Skip forward about five years of holding it together, working until I retired. I had no idea how much I needed the structure of showing up and being responsible. I missed my job (sense of worth?) and started drinking during the week, first in the evenings. It happened so gradually and escalated over the last four years. I ashamedly can now consume well over half of a fifth in one day. I hate being a sot. I hate spending the money, I don't drink every day but I think about it. I avoid friends and family if I am drinking because then they would know if I'm slurring my words. I worry about falling and no one will find me for days. I worry about what it's doing to my heart, what if I die in my sleep of a heart attack. I am anal in that I clean my house, tidy up, have on clothes, papers bills and so forth in order just in case... what if the paramedics were called to rescue me or a fire broke out and I was passed out.

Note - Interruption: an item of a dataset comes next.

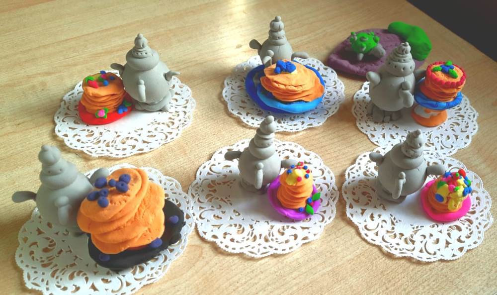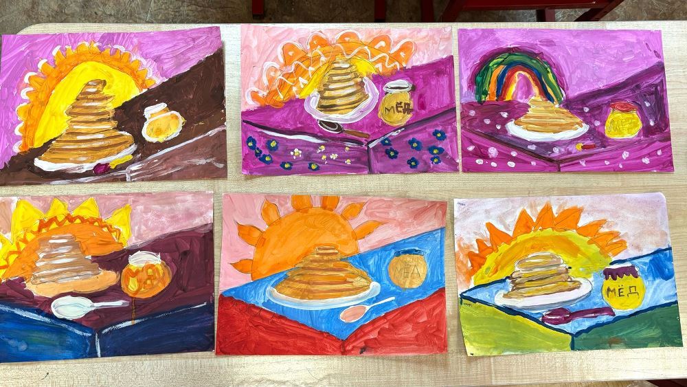 На кружке изо дети рисовали тематические рисунки под руководством преподавателя Кудрявцевой Анны Михайловны, а на кружке лепки создавали поделки из полимерной глины «Чаепитие с блинами».

I have a long distance relationship with my SO, we do not live together but spend long weekends with each other. He had a medical issue in April which he's still dealing with (brain tumor that is cancerous). He's an unusually happy guy but he drinks to excess whether I join him or not, and because of this cancer he wants to make a permanent move in together. I dread the thought of having to deal with his drinking, I know I want to be there for his illness but not help him run his health into the ground. I know heavy drinking has born its consequences with my own health and I miss the strength, stamina, active life I once lived. I have myself to blame. I'm mostly sober but I'd love to do a yoga retreatment (I just made that word up I think) to really cleanse and restore my self, my soul. This is the only life I get and I want to make it the best years of my life.... I need help doing that. Thank you for listening, and as always, your candid input. This website has been awesome.
Member
Join Date: Feb 2018
Posts: 19
I gradually started drinking more and more too can certainly relate!!!! I am so glad I found this site this site for support everyone has been so great and welcoming!! We can start pur journeys together ❤❤❤ we can do this!!!!
Welcome!
Alcoholism is progressive and it sounds like that's what you're experiencing. I'm glad you're ready to stop drinking.
Of course you want to be there for your SO, but it wouldn't be the best decision for you to be around someone who was drinking.
Alcoholism is progressive and it sounds like that's what you're experiencing. I'm glad you're ready to stop drinking.
Of course you want to be there for your SO, but it wouldn't be the best decision for you to be around someone who was drinking.